Unincorporated community in Pennsylvania, US

Eagleville is a census-designated place (CDP) in Montgomery County, Pennsylvania, United States. The population was 4,800 at the 2010 census. It is within Lower Providence Township.

==Geography==
Eagleville is located at (40.156640, -75.408569).

According to the United States Census Bureau, the CDP has a total area of 1.6 sqmi, all land.

==Demographics==

As of the 2010 census, the CDP was 66.6% White, 22.4% Black or African American, 0.1% Native American, 5.5% Asian, 1.4% were Some Other Race, and 1.8% were two or more races. 4.1% of the population were of Hispanic or Latino ancestry.

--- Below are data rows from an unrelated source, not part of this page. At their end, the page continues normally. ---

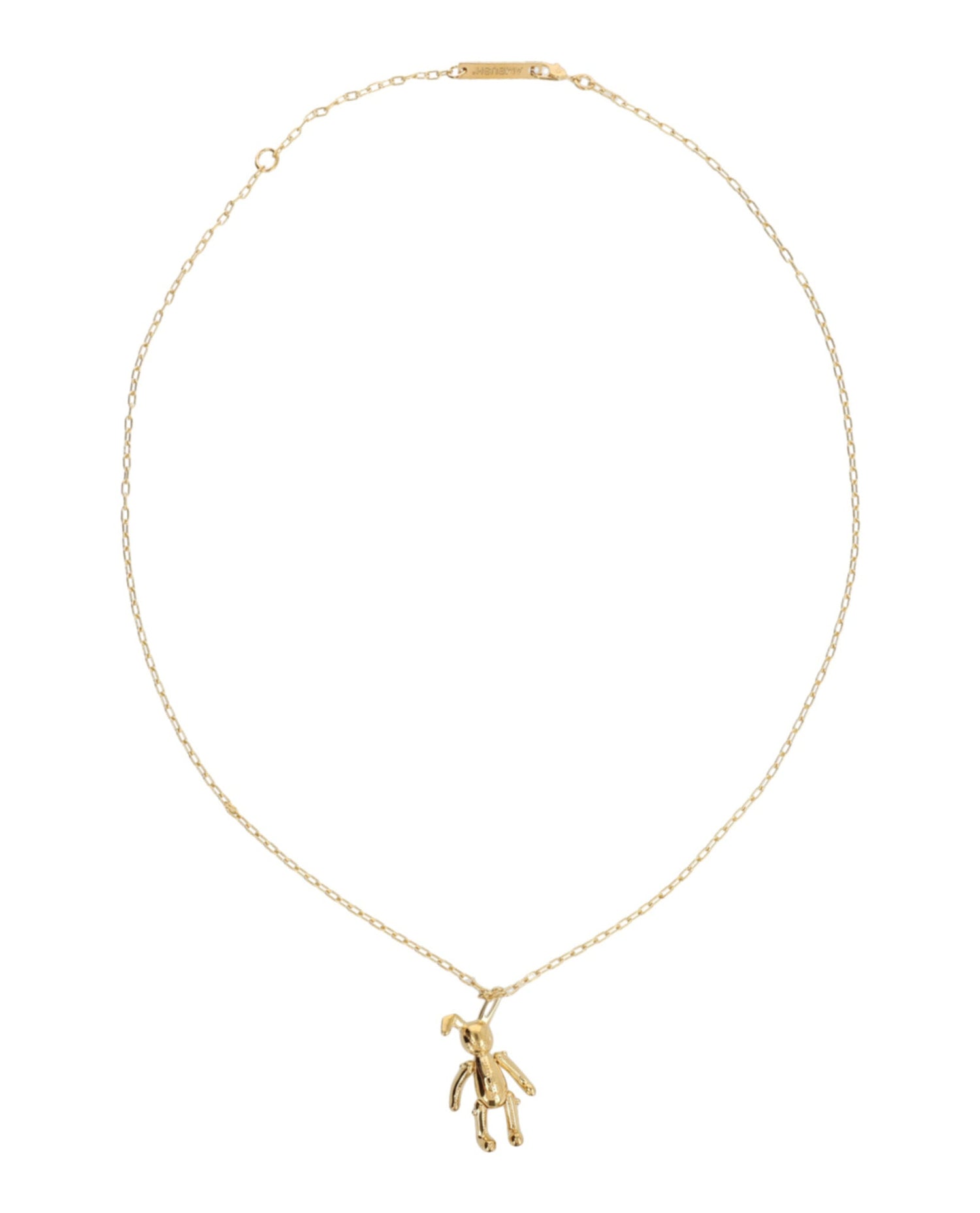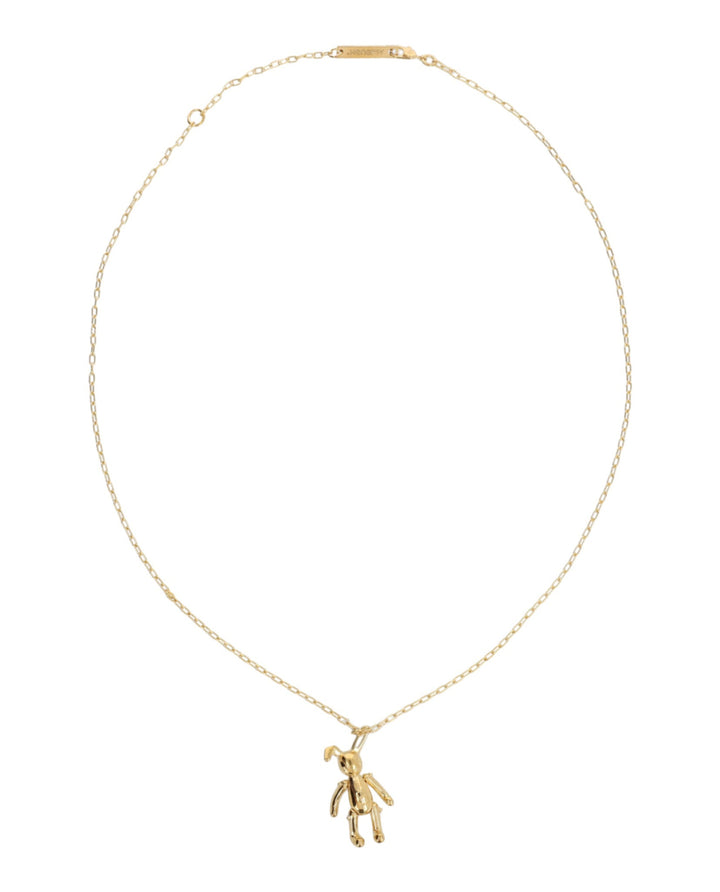 This Bunny Charm Necklace by AMBUSH brings a playful yet elevated touch to your accessory lineup. Featuring a sculptural bunny charm with gold-tone detailing and an engraved logo, the piece adds an element of cheeky charm to your look. The oversized drop and long chain deliver drama and versatility, while maintaining the brand’s bold design language.
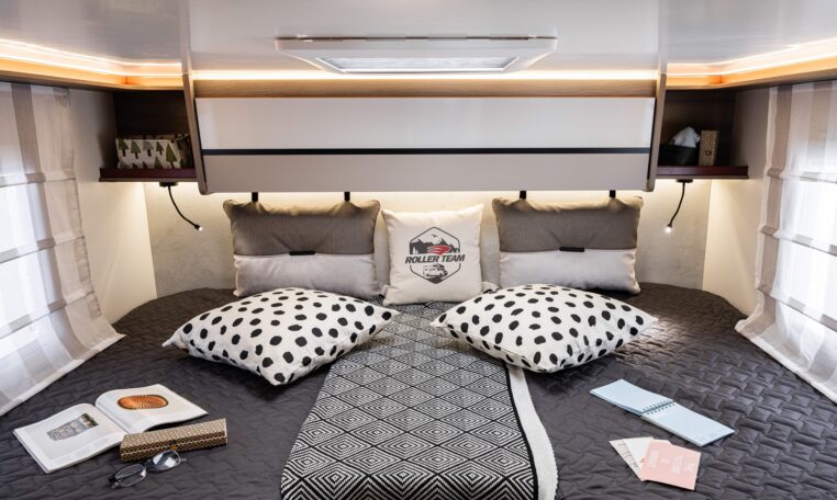 - Twin bedroom at the back of the motorhome (connects to a wide bed)
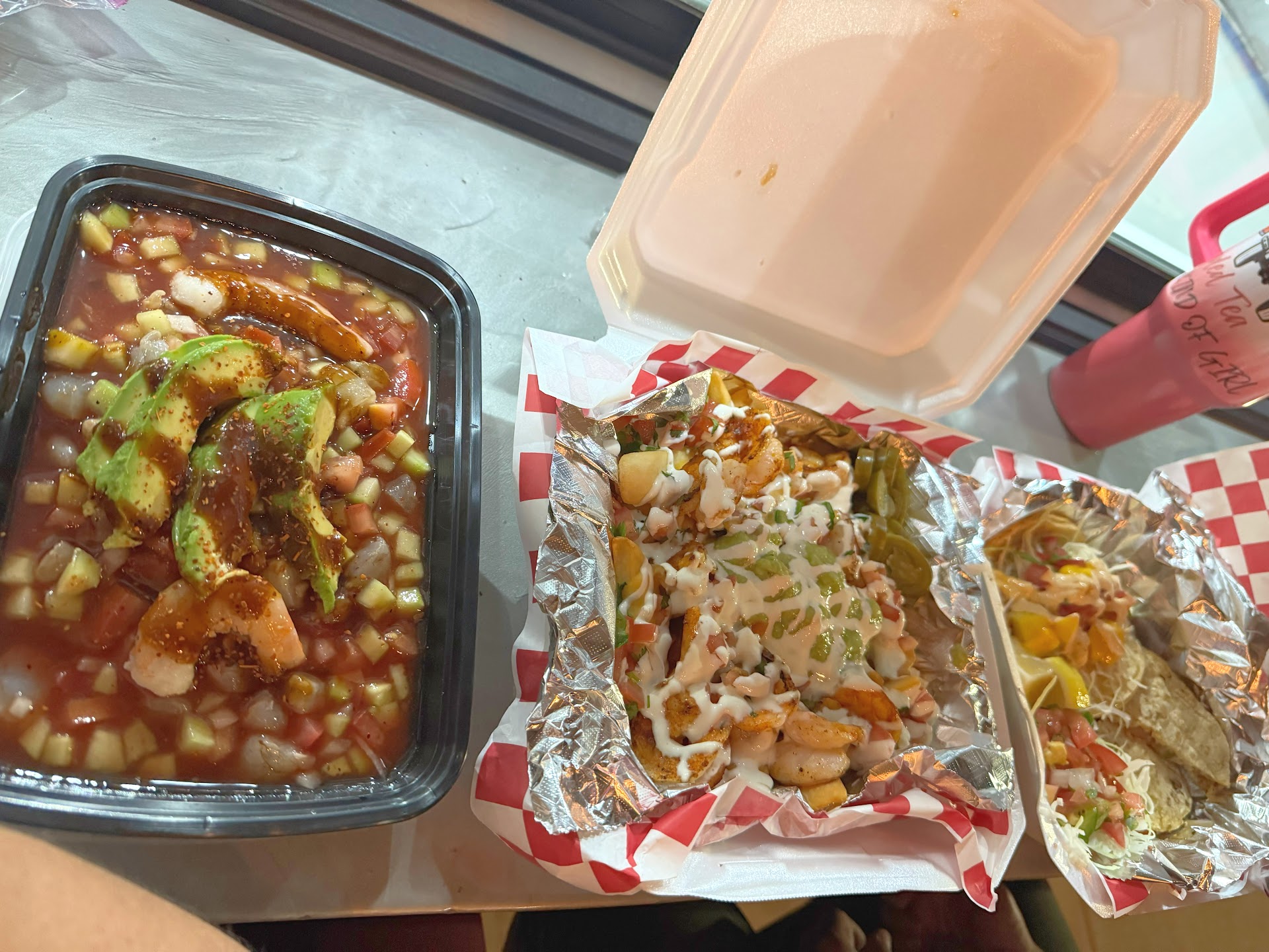 Read moreWe ordered two shrimp and bacon tacos, one mahi-mahi taco, one salmon taco, Fried cod, governable taco and the seafood tower. Since we Ordered two tacos it came with chips and bean dip. The chips were good, the bean dip was good but a very small amount of it and never came to Refill. We had a big order, but it did take a little bit to get the food longer than I expected since it was empty when we arrived. Besides that we enjoyed it mostly. The shrimp and bacon tacos were delicious. I think a little too much topping couldâve dropped the price a little bit and take off some of the toppings, but the quality was great. The seafood tower was good. The only thing I wasnât excited about was the fried cod there were several pieces that were not cooked thoroughly And the batter was a little more fried than I typically like, but we really enjoyed the food. the owners were on site bringing out our dishes with great energy and we...

As of the census of 2000, there were 4,458 people, 1,091 households, and 737 families living in the CDP. The population density was 2,787.8 PD/sqmi. There were 1,136 housing units at an average density of 710.4 /sqmi. The racial makeup of the CDP was 66.20% White, 26.96% African American, 0.02% Native American, 3.30% Asian, 0.31% Pacific Islander, 2.58% from other races, and 0.63% from two or more races. Hispanic or Latino of any race were 4.13% of the population.

There were 1,091 households, out of which 34.5% had children under the age of 18 living with them, 52.2% were married couples living together, 11.3% had a female householder with no husband present, and 32.4% were non-families. 25.5% of all households were made up of individuals, and 6.0% had someone living alone who was 65 years of age or older. The average household size was 2.53 and the average family size was 3.08.

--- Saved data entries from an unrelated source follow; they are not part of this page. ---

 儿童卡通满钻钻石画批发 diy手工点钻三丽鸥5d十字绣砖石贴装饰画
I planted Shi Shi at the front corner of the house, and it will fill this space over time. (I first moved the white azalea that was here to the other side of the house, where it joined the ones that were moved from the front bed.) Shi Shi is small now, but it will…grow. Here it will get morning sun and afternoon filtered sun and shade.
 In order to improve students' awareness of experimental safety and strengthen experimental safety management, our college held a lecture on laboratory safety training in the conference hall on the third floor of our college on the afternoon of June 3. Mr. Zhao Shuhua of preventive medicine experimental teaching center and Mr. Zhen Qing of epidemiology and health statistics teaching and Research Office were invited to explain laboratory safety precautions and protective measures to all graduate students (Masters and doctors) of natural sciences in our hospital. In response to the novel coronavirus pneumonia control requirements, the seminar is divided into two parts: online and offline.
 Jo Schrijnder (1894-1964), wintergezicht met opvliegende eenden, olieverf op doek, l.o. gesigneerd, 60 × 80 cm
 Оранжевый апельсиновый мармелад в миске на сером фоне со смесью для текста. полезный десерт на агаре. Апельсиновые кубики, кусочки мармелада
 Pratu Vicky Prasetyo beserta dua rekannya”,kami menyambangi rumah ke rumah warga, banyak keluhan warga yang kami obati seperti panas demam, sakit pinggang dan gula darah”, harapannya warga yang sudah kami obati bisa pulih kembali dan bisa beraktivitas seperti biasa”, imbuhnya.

In the CDP, the population was spread out, with 16.2% under the age of 18, 12.4% from 18 to 24, 43.6% from 25 to 44, 21.2% from 45 to 64, and 6.5% who were 65 years of age or older. The median age was 35 years. For every 100 females, there were 172.8 males. For every 100 females age 18 and over, there were 192.6 males.

The median income for a household in the CDP was $56,500, and the median income for a family was $63,281. Males had a median income of $29,694 versus $32,841 for females. The per capita income for the CDP was $21,642. About 2.9% of families and 6.7% of the population were below the poverty line, including 7.1% of those under age 18 and none of those age 65 or over.

Historical population
| Census | Pop. | Note | %± |
|---|---|---|---|
| 1990 | 3,637 |  | — |
| 2000 | 4,458 |  | 22.6% |
| 2010 | 4,800 |  | 7.7% |

==Government and infrastructure==
The Lower Providence Township administration building is in Eagleville.

The Montgomery County Correctional Facility is in Eagleville.

==Education==
The Methacton School District serves Eagleville CDP.

Eagleville Elementary School is in the Eagleville CDP, and all areas of the Eagleville CDP are zoned to it.

Skyview Upper Elementary School, Arcola Intermediate School, and Methacton High School serve all parts of the district. Skyview Upper and Arcola Intermediate are in Trooper CDP, and Methacton High is near the Eagleville CDP but not in it.

Lower Providence Community Library is in Eagleville CDP.